▸ Your instructions
Looking through the listing that follows, count the lines that contain "Dunne" and give only that number.

▸ The data
====================

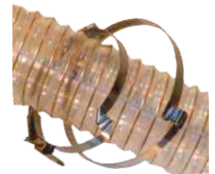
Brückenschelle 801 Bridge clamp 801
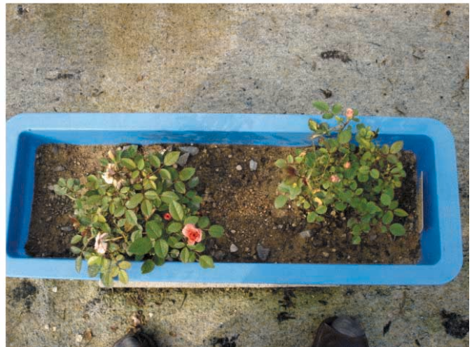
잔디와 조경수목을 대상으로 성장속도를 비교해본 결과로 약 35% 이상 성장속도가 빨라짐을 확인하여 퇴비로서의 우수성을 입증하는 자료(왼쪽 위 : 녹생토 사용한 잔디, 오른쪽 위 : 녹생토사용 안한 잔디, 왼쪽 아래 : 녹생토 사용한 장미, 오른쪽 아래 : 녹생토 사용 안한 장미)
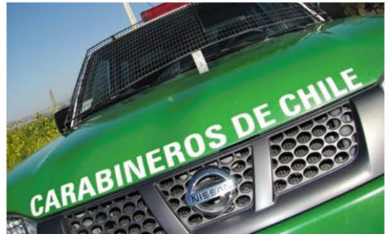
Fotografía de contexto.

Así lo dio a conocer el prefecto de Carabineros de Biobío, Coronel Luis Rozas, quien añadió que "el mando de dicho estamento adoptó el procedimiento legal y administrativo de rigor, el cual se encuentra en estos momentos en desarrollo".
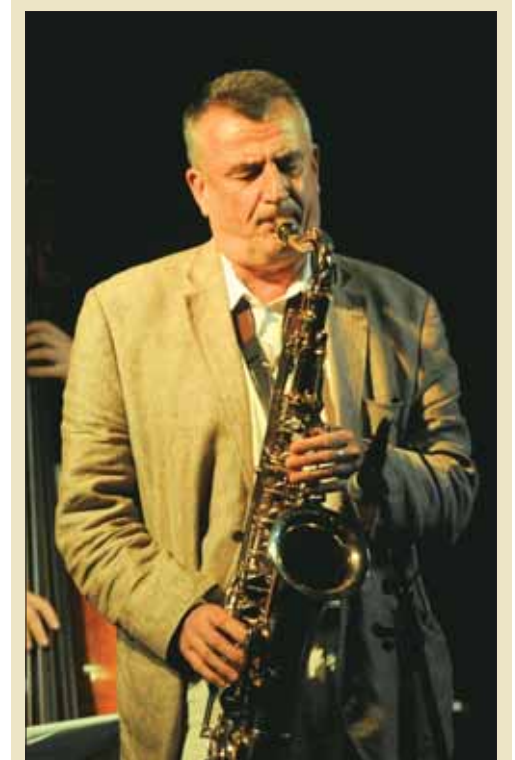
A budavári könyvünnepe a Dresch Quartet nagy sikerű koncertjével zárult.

====================

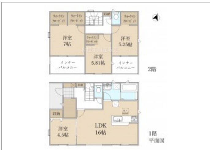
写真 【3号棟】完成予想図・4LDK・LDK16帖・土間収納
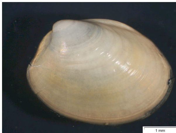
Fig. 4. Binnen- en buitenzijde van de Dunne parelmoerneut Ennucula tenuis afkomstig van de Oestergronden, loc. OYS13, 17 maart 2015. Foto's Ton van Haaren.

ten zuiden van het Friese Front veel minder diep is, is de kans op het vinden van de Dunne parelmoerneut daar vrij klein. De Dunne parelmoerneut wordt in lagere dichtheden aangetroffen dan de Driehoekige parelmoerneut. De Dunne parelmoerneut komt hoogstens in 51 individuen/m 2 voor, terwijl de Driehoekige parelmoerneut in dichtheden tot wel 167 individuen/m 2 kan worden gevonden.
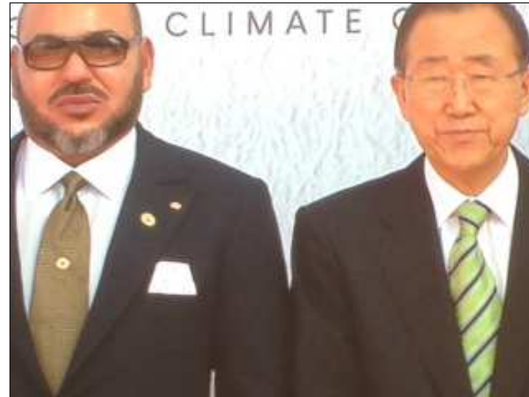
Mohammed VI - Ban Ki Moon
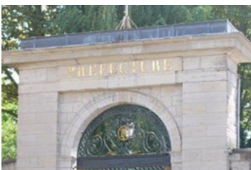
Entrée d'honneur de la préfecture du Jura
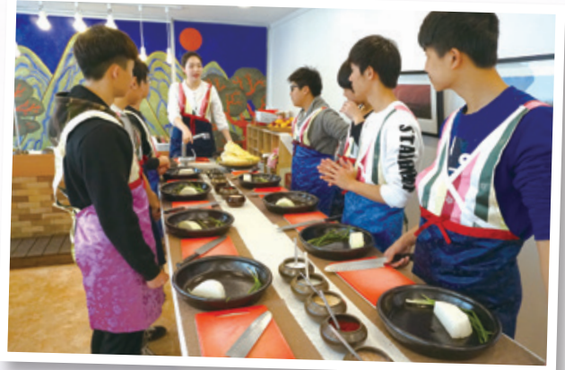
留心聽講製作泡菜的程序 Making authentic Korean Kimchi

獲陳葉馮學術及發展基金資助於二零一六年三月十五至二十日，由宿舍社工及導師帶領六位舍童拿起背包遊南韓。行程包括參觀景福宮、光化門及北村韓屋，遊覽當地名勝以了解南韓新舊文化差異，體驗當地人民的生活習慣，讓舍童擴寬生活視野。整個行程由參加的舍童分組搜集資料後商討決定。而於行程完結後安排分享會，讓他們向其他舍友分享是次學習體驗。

====================

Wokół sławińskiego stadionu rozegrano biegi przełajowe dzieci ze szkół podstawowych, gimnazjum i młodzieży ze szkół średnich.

====================

▸ Result of this exercise
2